Speaking at the event, Mathias Katamba, the Chief Executive Officer, of dfcu Bank reiterated the bank’s commitment to serving the SMEs in Uganda in their quest to become multi-national companies. He said the bank has the financial, resource and human capacity to help SMEs advance.

“As dfcu Bank we are pleased to be part of the SME Top 100 initiative for the sixth year running. This initiative resonates with us because it brings to the forefront the outstanding achievements of some of Uganda’s most successful and dynamic companies.

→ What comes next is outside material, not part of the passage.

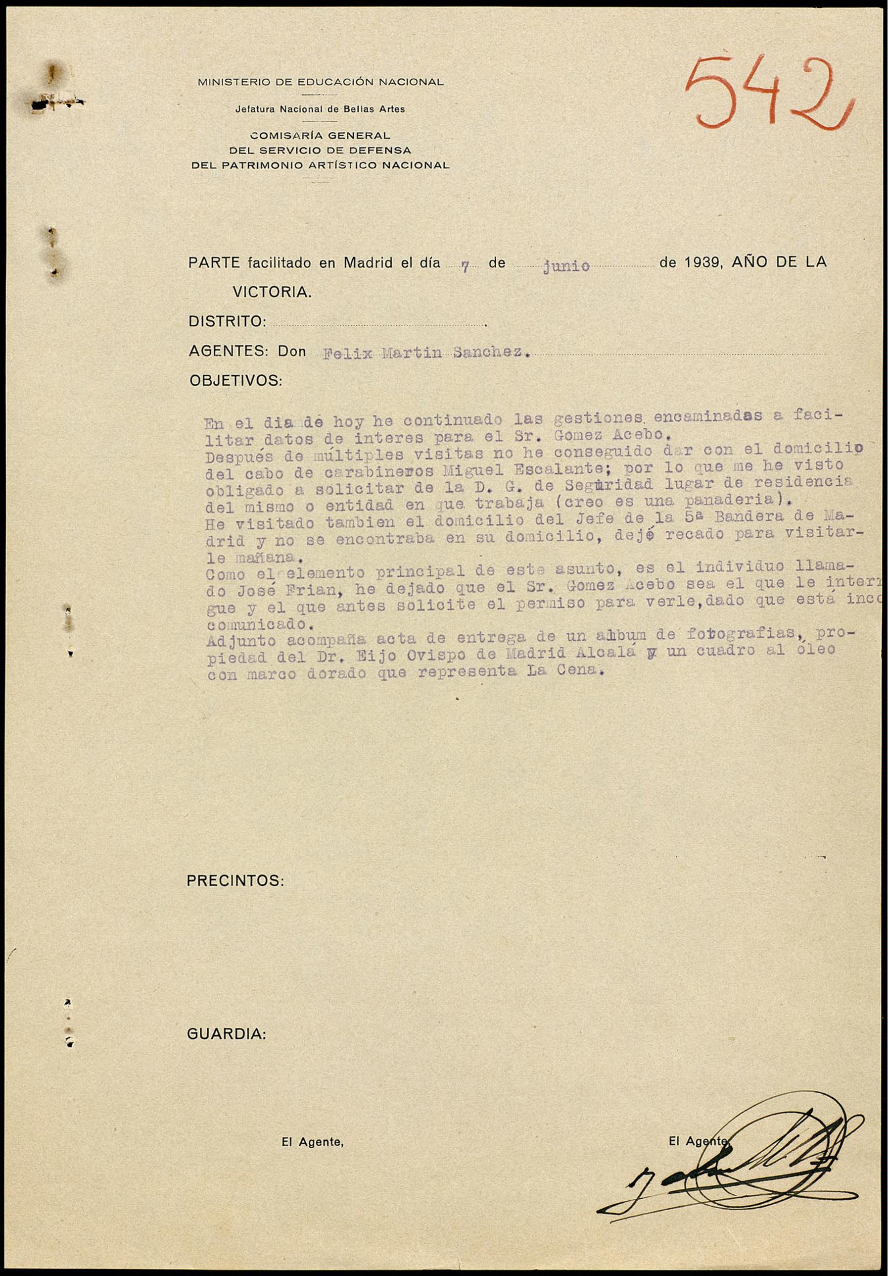 Visitas realizadas por los agentes a propósito de un álbum de fotografía y un cuadro del Obispo de Madrid-Alcalá

Uganda is one of the fast-growing entrepreneurial countries in the world and through the Top 100 initiative, we are certain that these entities will be able to improve many businesses, empower people and benefit from alternative sources of financing,” Mathias Katamba remarked.

He added that “dfcu Bank is committed to supporting your businesses, not only in continuing to trade as is but also in providing access to finance for the investment required to support SMEs in their journey toward a long-term prosperous future.”

Among the challenges faced by SMEs include; high taxes, competition from substandard products, stringent credit terms, insufficient start-up capital, and delays to pay debts, among others.

Ibrahim Bbosa, Assistant commissioner for Public and Corporate Affairs, at Uganda Revenue Authority, reassured the SMEs of the regulator’s support in helping them become tax compliant to benefit and grow in the long run.

“We are undergoing a revolution, gone are the days when we were harshly reminding you to pay taxes. We are becoming more friendly so that you can comply. We want to put a human face to taxation. We have embraced technology; we welcome you as SMEs to also utilize them,” he urged.

“Despite the strides, we have a mountain of tax collection given to us by you; that is to collect over 25.5 trillion shillings this year. We have about 2.7 million taxpayers, yet the population is high, and the tax burden is on a few that is why we need to widen the tax base. To do that, we have to work together, we want to have honest conversations on how we can work together as enablers of growth,” he concluded.